Il est désormais évident que le «vieux» monde issu de l’Après-guerre 39-45 se disloque et qu’une nouvelle ère géostratégique mondiale s’ouvre… Non sans grandes incertitudes et risques…
Quels sont en ce domaine vos espoirs ? Et vos craintes ?

«Je crois que la recomposition qui s’opère dans notre démocratie en France est aux avant-postes de ce qui va se passer ailleurs en Europe. Sinon, la pire des maladies de l’humanité guette l’Europe : le nationalisme. C’est-à-dire la détestation des autres. Car le patriotisme, c’est l’amour de la patrie, mais le nationalisme se crée sur l’adversité envers autrui. Et on le voit affleurer partout en Europe…

Par ailleurs, on assiste au repli des Américains sur eux-mêmes, dans une forme d’isolationnisme, et à la montée d’une agressivité – essentiellement commerciale, mais très vive – dans d’autres parties du monde.

C’est donc à l’échelle européenne et internationale que le travail politique de nos grands dirigeants va devoir se faire. C’est pourquoi le rôle d’un Président de la République française est aussi important quand il est en Chine que quand il travaille à la construction de l’Europe, ou qu’il rencontre MM. Poutine et Trump, ou Erdogan et Netanyahou, pour nouer des dialogues… Il faut parler à tout le monde, car rien ne serait pire que de se murer dans un silence hostile. Le but est de parvenir à créer des règles internationales, qui créent des coopérations permettant d’empêcher les conflits.

C’est un travail de vaste ampleur, mais les traités internationaux – y compris commerciaux – ont au moins un aspect positif : ils sont facteurs de paix. Le commerce n’est pas le seul antidote à la guerre, mais il en est un. Les échanges culturels doivent aussi trouver un nouveau souffle, car si l’on voyage aujourd’hui de plus en plus, je ne suis pas sûr que l’on échange de plus en plus…

Il y a donc des liens à construire, entre les nations, les patries, les continents.
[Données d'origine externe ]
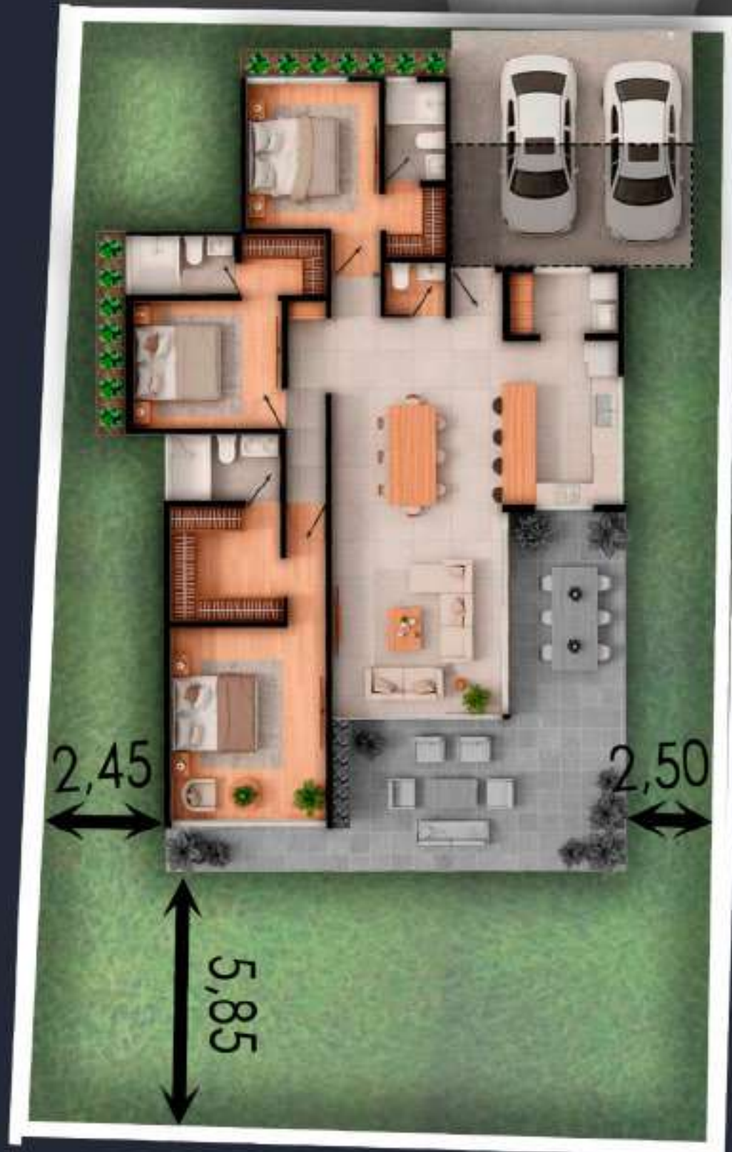
03A AREA DEL LOTE 402 M2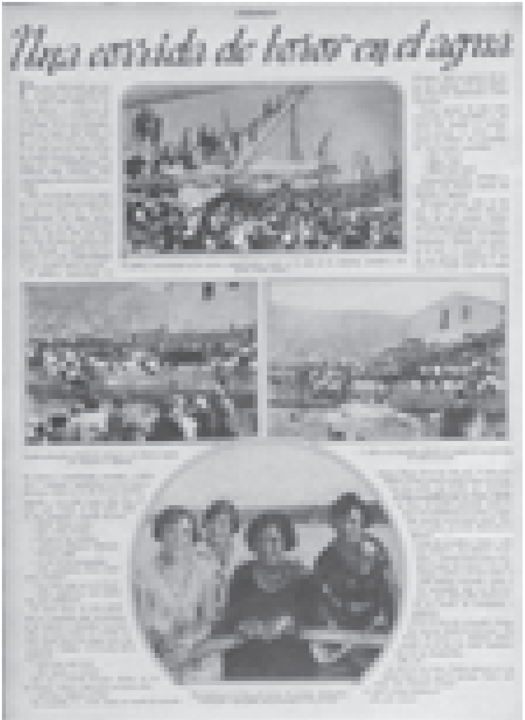
Revista Estampa, 26 de novembre de 1929. 2 a època, núm. 98 A.M.D. Fons Casimiro Sendra.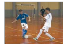
Primeros de Mayo San Juan

La pista donde se disputó la final de la Copa Federación no estuvo a la altura de los contendientes. Los jugadores de ambos equipos se quejaron de sus prestaciones.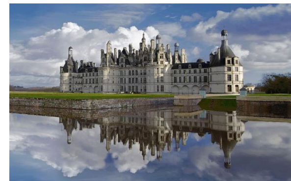
Château de Chambord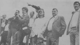
6. La vue est excellente du panorama de Beq-Léguer d'où l'on aperçoit le site magnifique de l'usine.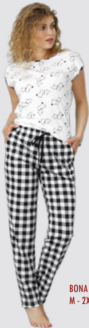
BONA 873 M - 2XL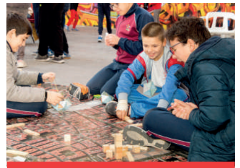
Mislata juega en el Día de la Infancia tras lograr un premio internacional de UNICEF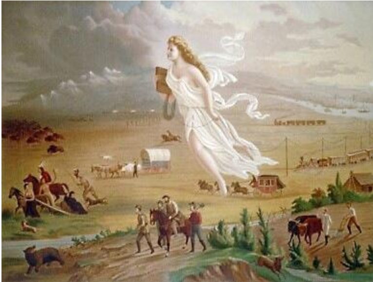
Картина Джона Гэста «Американский прогресс» (1872 г.), изображающая Колумбию (символ США, предшественница «дяди Сэма»), прогоняющую индейцев с их земель во имя продвижения цивилизации на Запад.

Некоторые аспекты геноцида коренного населения нашли своё отражение и в искусстве США. Слева представлена картина Джона Гэста «Американский прогресс». Обратим внимание на два обстоятельства: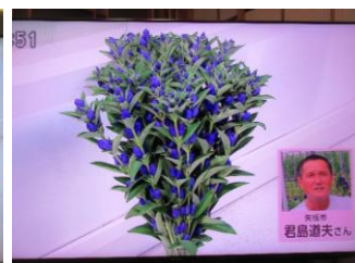
6/26 りんどう 君島 道夫氏（矢板市）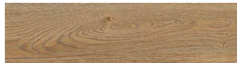
RC6Q 20x120 Rovere Rett RC6W 20x120 Rovere Grip Rett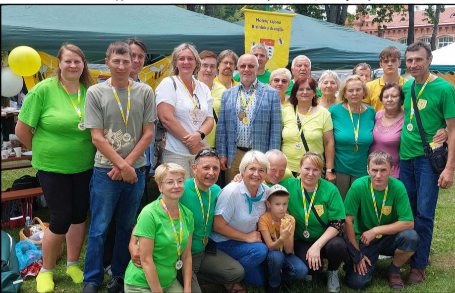
Molėtų rajono bitininkų draugijai bitininkų šventėje atstovavo net 28 nariai

roda, degustuotas midus... Susirinkusius draugėn bitininkus sveikino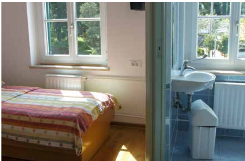
Soba v centralnem delu Doma paraplegikov s sanitarijami s tušem in posteljo z električnim vznožjem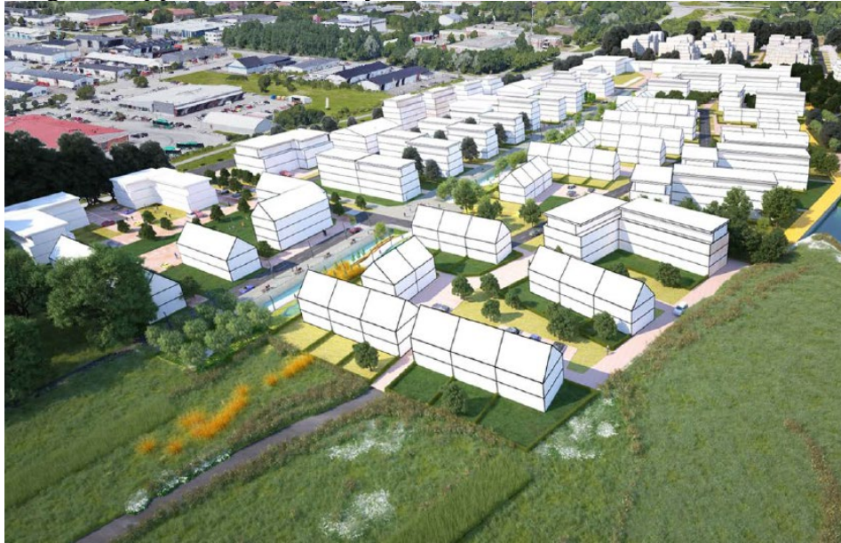
Illustration av uppdragsområdet. (Illustration: Stadsbyggnadskontoret)

Gatuutformningen kommer delvis att baseras på utformningen i tidigare etapper av Södra Råbylund.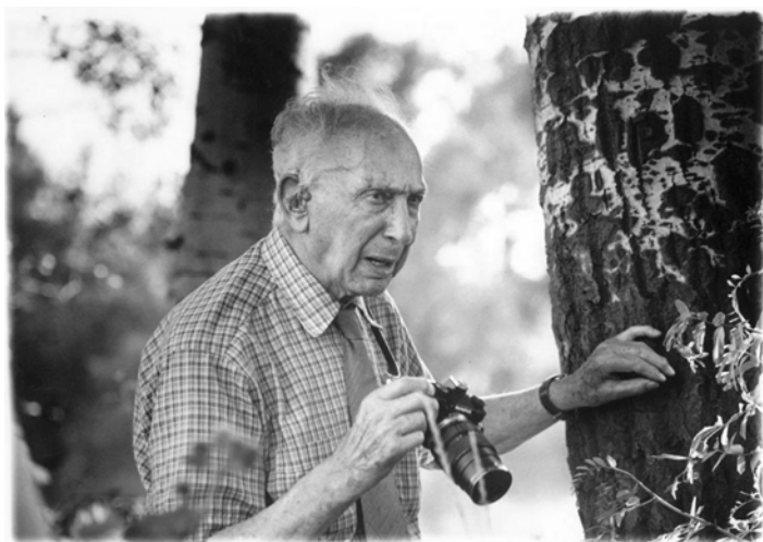
Trencsényi: André Kertész utolsó látogatásán Szigetbecsén, 1984. július 31.

A Szigetbecsei Krónika 2019. 1. számában világhírű fotóművésznünk életének fontosabb eseményeit mutattam be. De vajon hogyan emlékeznek rá azok a szigetbecsei lakosok, akik André Kertészt még személyesen ismerték? Kiknek köszönhetjük, hogy megértették a művész hatalmas kötődését Szigetbecséhez, és minden tőlük telhetőt megtettek munkásságának, tudásának elismerésére, alkotásainak megőrzésére, emlékének állítására itt községünkben.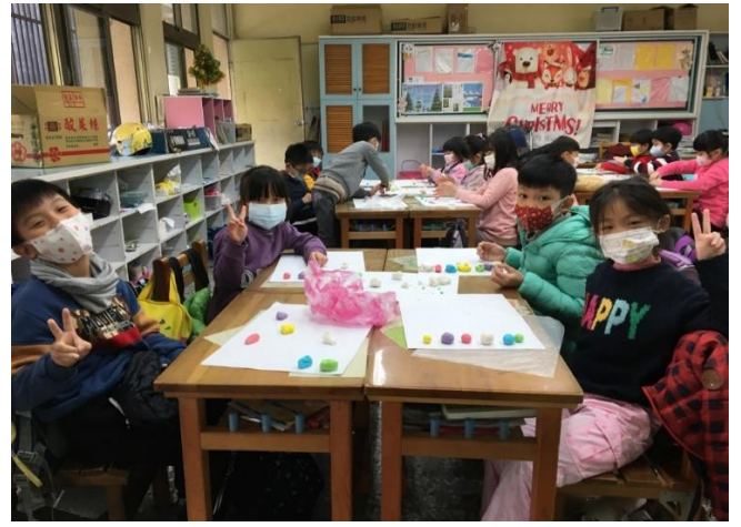
二年級/藉由米糰雕課程，引導同學生活美勞課應用混色的概念，並發揮創造力，做出屬於自己的作品。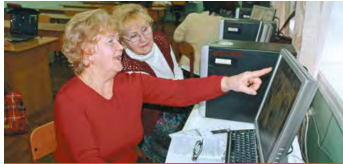
Курсы компьютерной грамотности в Борисоглебске в 2016 году. Подобное обучение планируют сделать и в Макашевке

При наличии компьютера вроде бы просто держать связь со всем миром, но оказалось,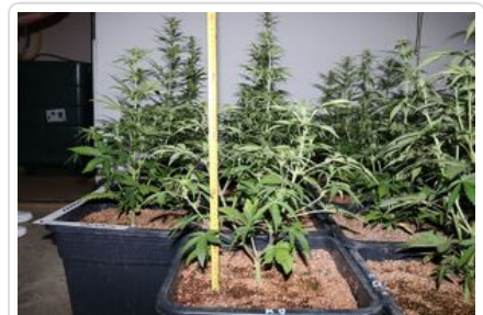
uprawa konopi, susz roślinny - marihuana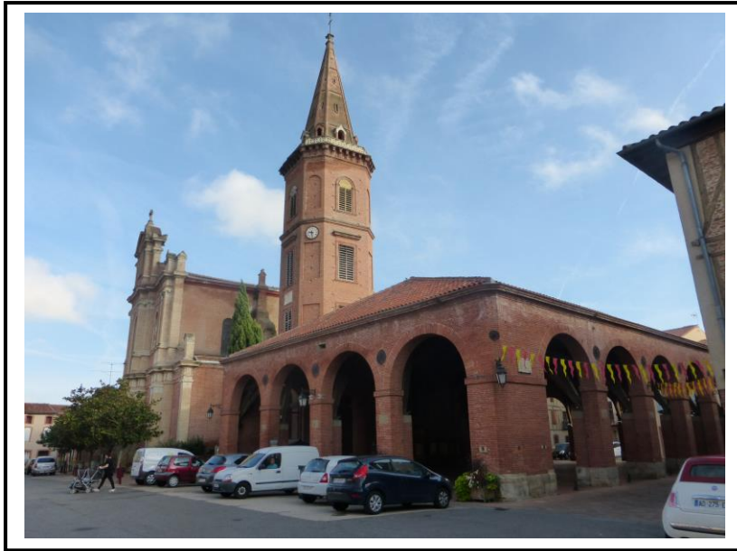
Le bel ensemble de brique rouge que forment la halle et l'église de Mazères...

Pour cela, la volonté et la qualité des grands dirigeants du monde seront une des clés.

Mes espoirs sont sur cette raison humaine: que l’on comprenne que l’enjeu est planétaire, pour le climat, pour lutter contre la faim et la misère, qui génèrent beaucoup de guerres, et font des gens des proies simples pour le fanatisme…

Ce qui est à craindre, si ces espoirs de coopération entre les peuples ne se réalisent pas, c’est la guerre et son cortège de malheurs. Il faut en ce domaine nous souvenir que l’Europe nous a préservés de la guerre ces dernières décennies, ce qui n’est pas le moindre de ses mérites, si l’on veut bien considérer l’histoire de France, ne serait-ce que sur les deux derniers siècles.

L’Europe nous est donc précieuse, et il faut faire souffler l’esprit européen sur d’autres régions du monde, afin de porter la paix au-delà.»